Crianças de quatro a seis anos
     Para esta fase, o objetivo é aprofundar e ampliar o trabalho para a faixa etária de zero a três, garantindo, ainda, oportunidades para que sejam capazes de:
• reconhecer e valorizar os números, as operações numéricas, as contagens orais e as noções espaciais como ferramentas necessárias no seu cotidiano;
• comunicar idéias matemáticas, hipóteses, processos utilizados e resultados encontrados em situações-problema relativas a quantidades, espaço físico e medida, utilizando a linguagem oral e a linguagem matemática;
• ter confiança em suas próprias estratégias e na sua capacidade para lidar com situações matemáticas novas, utilizando seus conhecimentos prévios.
CONTEÚDOS
     A seleção e a organização dos conteúdos matemáticos representam um passo importante no planejamento da aprendizagem e devem considerar os conhecimentos prévios e as possibilidades cognitivas das crianças para ampliá-los. Para tanto, deve-se levar em conta que:
• aprender matemática é um processo contínuo de abstração no qual as crianças atribuem significados e estabelecem relações com base nas observações, experiências e ações que fazem, desde cedo, sobre elementos do seu ambiente físico e sociocultural;
• a construção de competências matemáticas pela criança ocorre simultaneamente ao desenvolvimento de inúmeras outras de naturezas diferentes e igualmente importantes, tais como comunicar-se oralmente, desenhar, ler, escrever, movimentar-se, cantar etc.
Crianças de zero a três anos
• Utilização da contagem oral, de noções de quantidade, de tempo e de espaço em jogos, brincadeiras e músicas junto com o professor e nos diversos contextos nos quais as crianças reconheçam essa utilização como necessária.
• Manipulação e exploração de objetos e brinquedos, em situações organizadas de forma a existirem quantidades individuais suficientes para que cada criança possa descobrir as características e propriedades principais e suas possibilidades associativas: empilhar, rolar, transvasar, encaixar etc.

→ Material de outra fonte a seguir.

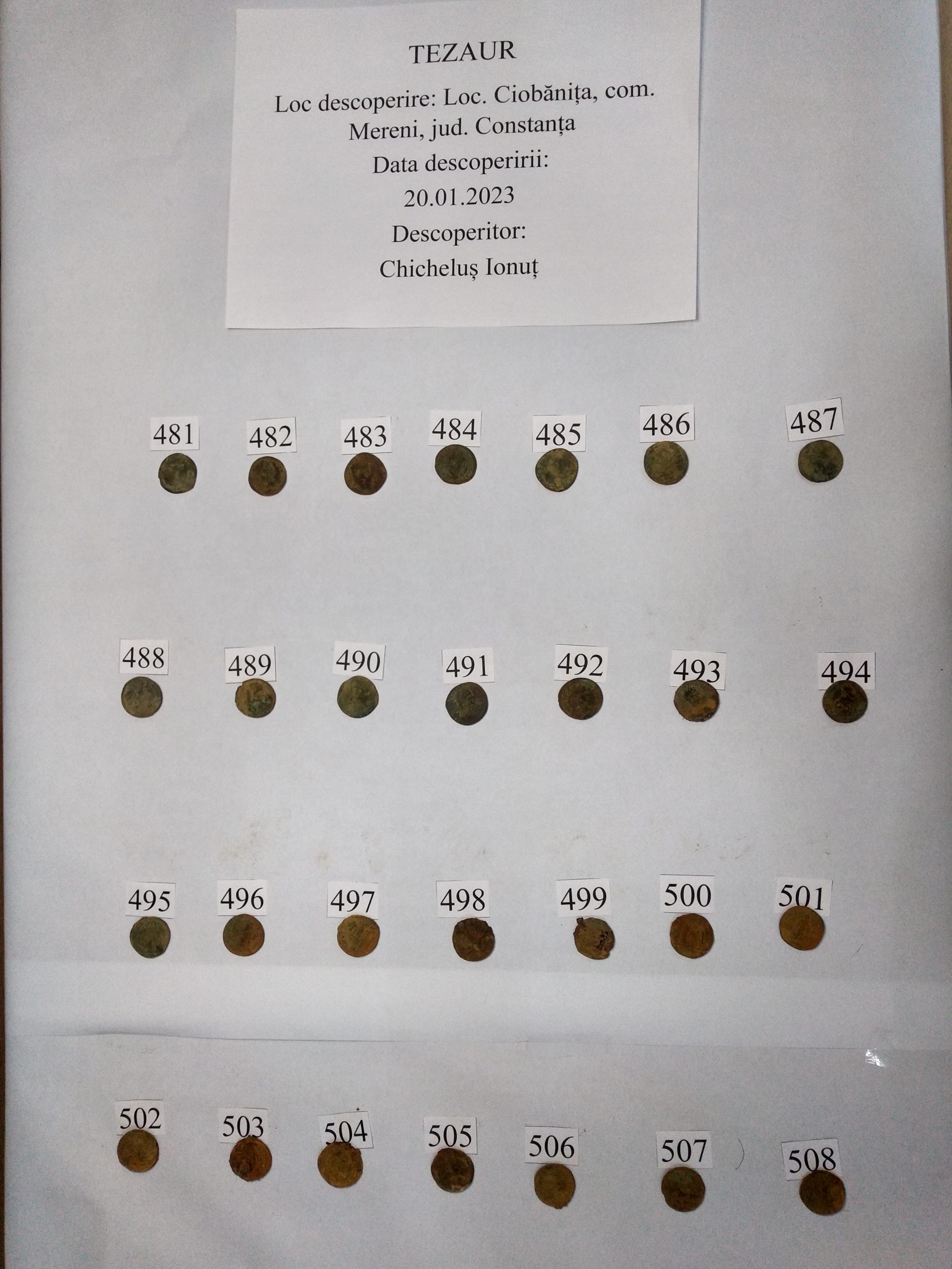 Povestea acestui Tezaur a început pe data de 20 ianuarie 2023, pe raza localității Ciobănița, comuna Mereni, județul Constanța. Cu ajutorul unui detector de metale, un grup de trei persoane a descoperit un tezaur monetar depus într-un vas ceramic. Așa cum se impune în astfel de cazuri, persoanele în cauză au solicitat imediat sprijinul autorităților abilitate iar la fața locului s-au deplasat imediat doi dintre specialiștii MINAC, care au preluat artefactul, acesta ajungând temporar în custodia muzeului din Constanța.

Crianças de quatro a seis anos
     Nesta faixa etária aprofundam-se os conteúdos indicados para as crianças de zero a três anos, dando-se crescente atenção à construção de conceitos e procedimentos especificamente matemáticos.
     NÚMEROS E SISTEMA DE NUMERAÇÃO
     Este bloco de conteúdos envolve contagem, notação e escrita numéricas e as operações matemáticas.

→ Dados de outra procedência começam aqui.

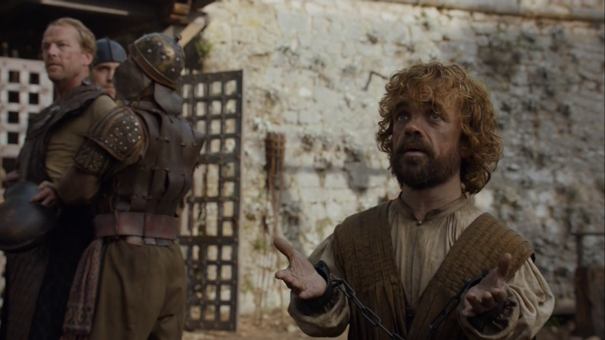 El esclavista que captura a Tyrion y Sir Jorah logra vender a este último después de hablar maravillas de él a los postores. Tyrion nos sorprende a todos salvando su vida esta vez con la fuerza física y no con la palabra, como lo lleva haciendo todos estos años. El “Gnomo” pide al comprador de Jorah que lo lleve con él también ya que son un equipo. Tyrion afirma ser un gran luchador. Todos ríen más. Éste coge sus cadenas, y en una de las escenas más surrealistas y divertidas (para el pobre esclavista no, claro) Tyrion propina una paliza al sujeto que le tiene encadenado.

• Utilização da contagem oral nas brincadeiras e em situações nas quais as crianças reconheçam sua necessidade.
• Utilização de noções simples de cálculo mental como ferramenta para resolver problemas.
• Comunicação de quantidades, utilizando a linguagem oral, a notação numérica e/ou registros não convencionais.
• Identificação da posição de um objeto ou número numa série, explicitando a noção de sucessor e antecessor.
• Identificação de números nos diferentes contextos em que se encontram.
• Comparação de escritas numéricas, identificando algumas regularidades
     GRANDEZAS E MEDIDAS
• Exploração de diferentes procedimentos para comparar grandezas.
• Introdução às noções de medida de comprimento, peso, volume e tempo, pela utilização de unidades convencionais e não convencionais.
• Marcação do tempo por meio de calendários.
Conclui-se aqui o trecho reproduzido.